É bastante comum ouvirmos que os advogados têm que dominar outras áreas do conhecimento, além da jurídica, para exercerem qualificadamente suas funções. No caso do direito tributário, é indiscutível que conhecimentos contábeis são imprescindíveis para uma boa prática jurídica.
Não é preciso uma análise profunda das razões dessa interdisciplinaridade para entendermos sua importância: basta ler o Decreto-Lei nº 1.598, promulgado em 1977, e que ainda é uma das principais leis que regulam a tributação da renda das pessoas jurídicas. Diz seu artigo 6º: Lucro real é o lucro líquido do exercício ajustado pelas adições, exclusões ou compensações prescritas ou autorizadas pela legislação tributária.
Como explicar a exclusão das “reversões de provisões e recuperações de créditos baixados como perda” das bases de cálculo do PIS e da COFINS sem recorrer aos conhecimentos contábeis?
Essa constante intersecção entre Contabilidade e Direito, presente de forma escancarada no direito tributário, decorre do fato de que a vida econômica das empresas é uma realidade que só pode ser apreendida a partir das demonstrações contábeis.
São os fatos econômicos, retratados por meio dos registros contábeis, que devem ser adequadamente capturados pelas normas tributárias. Seria possível tributar a renda sem utilizar como ponto de partida as demonstrações financeiras? E a receita (cujo conceito jurídico nem os próprios juristas conseguiram acordar até hoje), existe sem o rastro contábil das operações econômicas?
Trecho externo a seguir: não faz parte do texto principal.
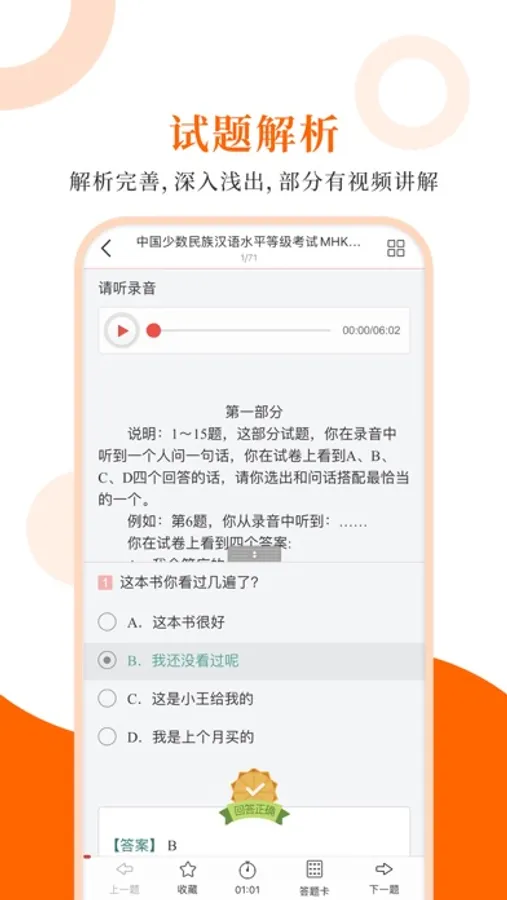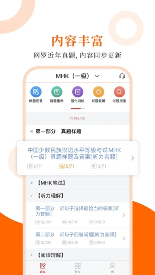 专为中国少数民族汉语水平等级考试MHK精心准备的考试配套题库,每一道试题都有答案解析,为考试提供了充分的复习准备,可随时随地学习练习,支持手机、平板多端同时使用。

Que outro documento que não a contabilidade (seja o caixa – que represente valores efetivamente recebidos – ou o contas a receber e a receita bruta) serviria de ponto de partida para identificar se há ou não receita tributável? Sem dúvida que inúmeros outros documentos são importantes no caminho da investigação sobre a incidência tributária (os contratos, as notas fiscais, a natureza jurídica da relação comercial estabelecida), que se pauta pelas normas jurídicas e pelos princípios constitucionais (capacidade contributiva, legalidade etc.). Esse caminho, contudo, não seria possível se não houvesse um documento que registrasse a priori os fatos econômicos empresariais sobre os quais essa análise deve ser feita.
O desafio atual dos juristas e contadores é estabelecer os limites entre uma coisa e outra, de forma a preservar os objetivos precípuos das demonstrações financeiras e resguardar a segurança jurídica, fundamental para a própria existência da atividade econômica.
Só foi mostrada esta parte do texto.